━━━━━ TASK INPUT

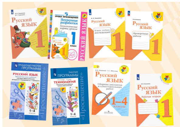
Программа «Школа России»
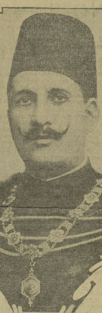
Se dice que el rey Fuad I, Egipto, está proyectando una visita a los Estados Unidos.
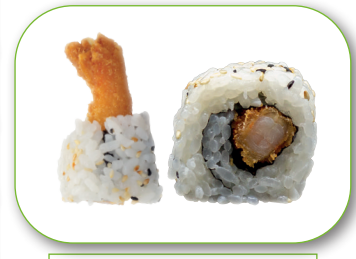
Roll 4 Tempura Roll
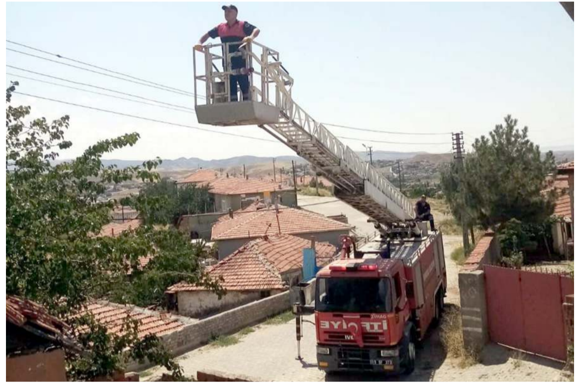
Hamile kediyi çıktığı ağaçta itfaiye ekipleri indirdi.
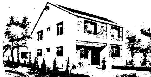
農民住宅標準設計圖 204型及內部平面圖
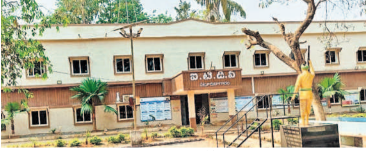
ఏటూరునగరంలోని ఐటీడీఎస్ కాల్యాటం

ఐటీడీఎస్ పాలకమండలి సమావేశం నిర్వహణపై అధికార యంత్రాంగం తీవ్ర నిర్లక్ష్యం కనబరుస్తున్నది. వ్యావహారిక ప్రతి మూడు నెలల కోసాని నిర్వహించాల్సి ఉండగా ఐడీఎస్ దాటిగా దాని ఉసి ఎక్కడం లేదు. సమస్యలు, సంక్షేమ పథకాలపై చర్చ జరిగితే నిధులు కేటాయింపు అవకాశం ఎక్కువగా ఉంటుంది. కానీ 2019 డిసెంబర్ 20న నిర్వహించిన 60వ పాలక మండలి సమావేశం చివరిదిగా మిగిలిపోయింది. దీంతో గిరిజన సంక్షేమంపై నీలిగిరి కమిషన్లు అభివృద్ధి ముందుకు సాగడం లేదు. సర్టిఫైడ్ పథకాలు అర్జులకు అందకుండా వెళ్లి రిస్తున్నాయి. ఇప్పటికైనా ఐటీడీఎస్ పాలకమండలి సమావేశం నిర్వహించి తమ సమస్యలు పరిష్కరించాలని అడవి బిడ్డలు కోరుతున్నారు.

━━━━━━━━━━

◆ **ASSIGNMENT**:
Your answer must be the lines from the one containing "Hamile kediyi çıktığı" through the last line of the records, copied exactly, with no pictures.

◆ **EXPECTED ANSWER**:
Hamile kediyi çıktığı ağaçta itfaiye ekipleri indirdi.
農民住宅標準設計圖 204型及內部平面圖
ఏటూరునగరంలోని ఐటీడీఎస్ కాల్యాటం

ఐటీడీఎస్ పాలకమండలి సమావేశం నిర్వహణపై అధికార యంత్రాంగం తీవ్ర నిర్లక్ష్యం కనబరుస్తున్నది. వ్యావహారిక ప్రతి మూడు నెలల కోసాని నిర్వహించాల్సి ఉండగా ఐడీఎస్ దాటిగా దాని ఉసి ఎక్కడం లేదు. సమస్యలు, సంక్షేమ పథకాలపై చర్చ జరిగితే నిధులు కేటాయింపు అవకాశం ఎక్కువగా ఉంటుంది. కానీ 2019 డిసెంబర్ 20న నిర్వహించిన 60వ పాలక మండలి సమావేశం చివరిదిగా మిగిలిపోయింది. దీంతో గిరిజన సంక్షేమంపై నీలిగిరి కమిషన్లు అభివృద్ధి ముందుకు సాగడం లేదు. సర్టిఫైడ్ పథకాలు అర్జులకు అందకుండా వెళ్లి రిస్తున్నాయి. ఇప్పటికైనా ఐటీడీఎస్ పాలకమండలి సమావేశం నిర్వహించి తమ సమస్యలు పరిష్కరించాలని అడవి బిడ్డలు కోరుతున్నారు.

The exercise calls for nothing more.